I like Go a lot for working with OpenAI etc, it's 'just' API calls and Go is great at that. I've opensourced some bits here: https://github.com/stillmatic/gollum -- in particular, function dispatch (given a prompt, return an arbitrary Go struct) is really nice, as is a very fast in-memory KNN index.
Unfortunately, you're using sashabaranov/go-openai, which has different api behavior than the official langchain python package [0].
I was hoping this would be a drop in replacement for langchain (so DS ppl can code in python and gophers can port it to production).
[0] - https://github.com/sashabaranov/go-openai#why-dont-we-get-th...
I'm using Semantic Kernel (https://github.com/microsoft/semantic-kernel) and it's really nice. Makes building more complex workflows really simple without sacrificing control.
A bunch of examples (https://github.com/microsoft/semantic-kernel/blob/main/dotne...) for how to handle just about anything you need to do with OAI with a lot less boilerplate.
This is cool -- I wrote something a bit similar here but uses just raw Go as the source input: https://github.com/tmc/go2oapi
Indeed, after being frustrated with existing frameworks, 7 months ago, we started buidling Langroid[1] Multi-Agent LLM framework.
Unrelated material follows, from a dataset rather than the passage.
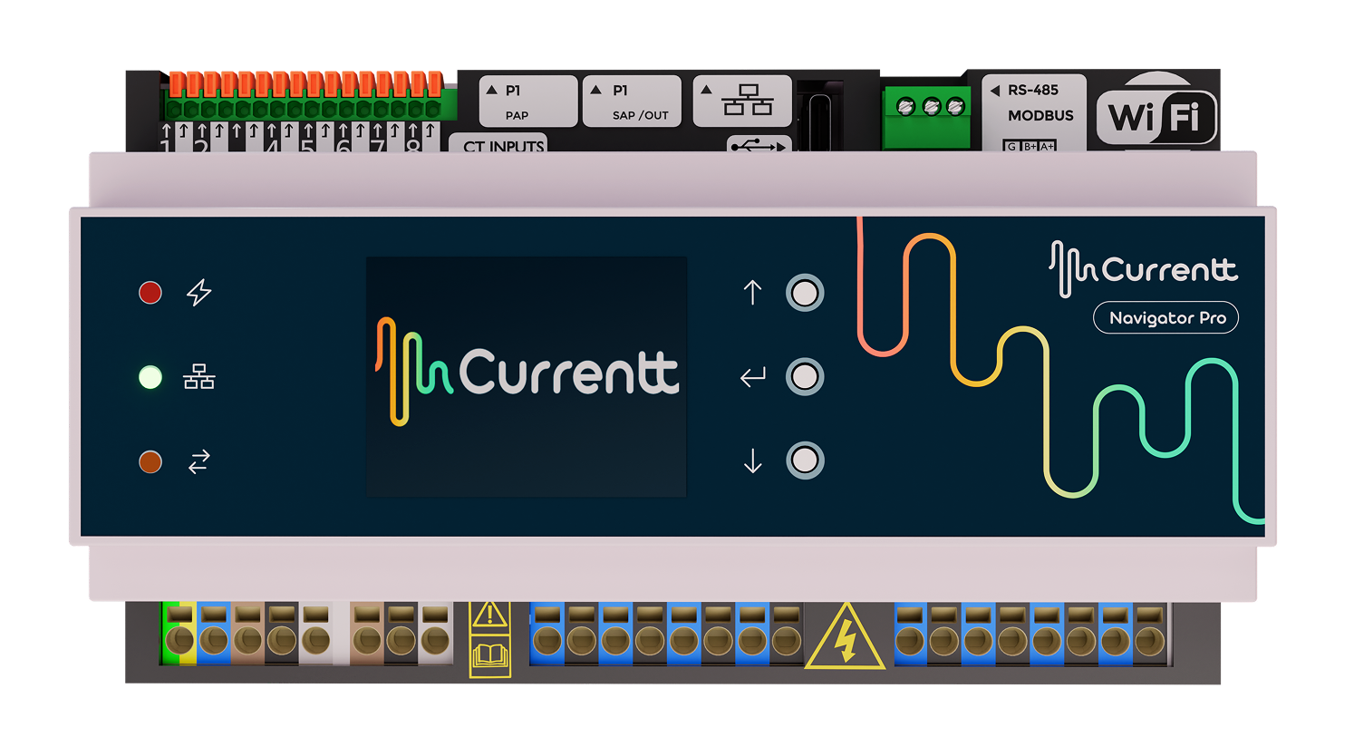 De Currentt Navigator heeft 8 ingangen voor CT-klemmen. Hiermee kun je bijvoorbeeld maximaal 8 enkelfasige meters configureren, of 2 driefase meters en nog 2 enkelfasige meters (2 x 3 + 2 = 8 kanalen).

It has an elegant Inter-agent orchestration mechanism[2], among many other things. We’ve taken a measured approach to avoid bloat and excess abstractions. We have a company using it in production to assist contact-center/customer-support agents.
[1] https://github.com/langroid/langroid
From the README:
Langroid is an intuitive, lightweight, extensible and principled Python framework to easily build LLM-powered applications, from ex-CMU and UW-Madison researchers. You set up Agents, equip them with optional components (LLM, vector-store and tools/functions), assign them tasks, and have them collaboratively solve a problem by exchanging messages.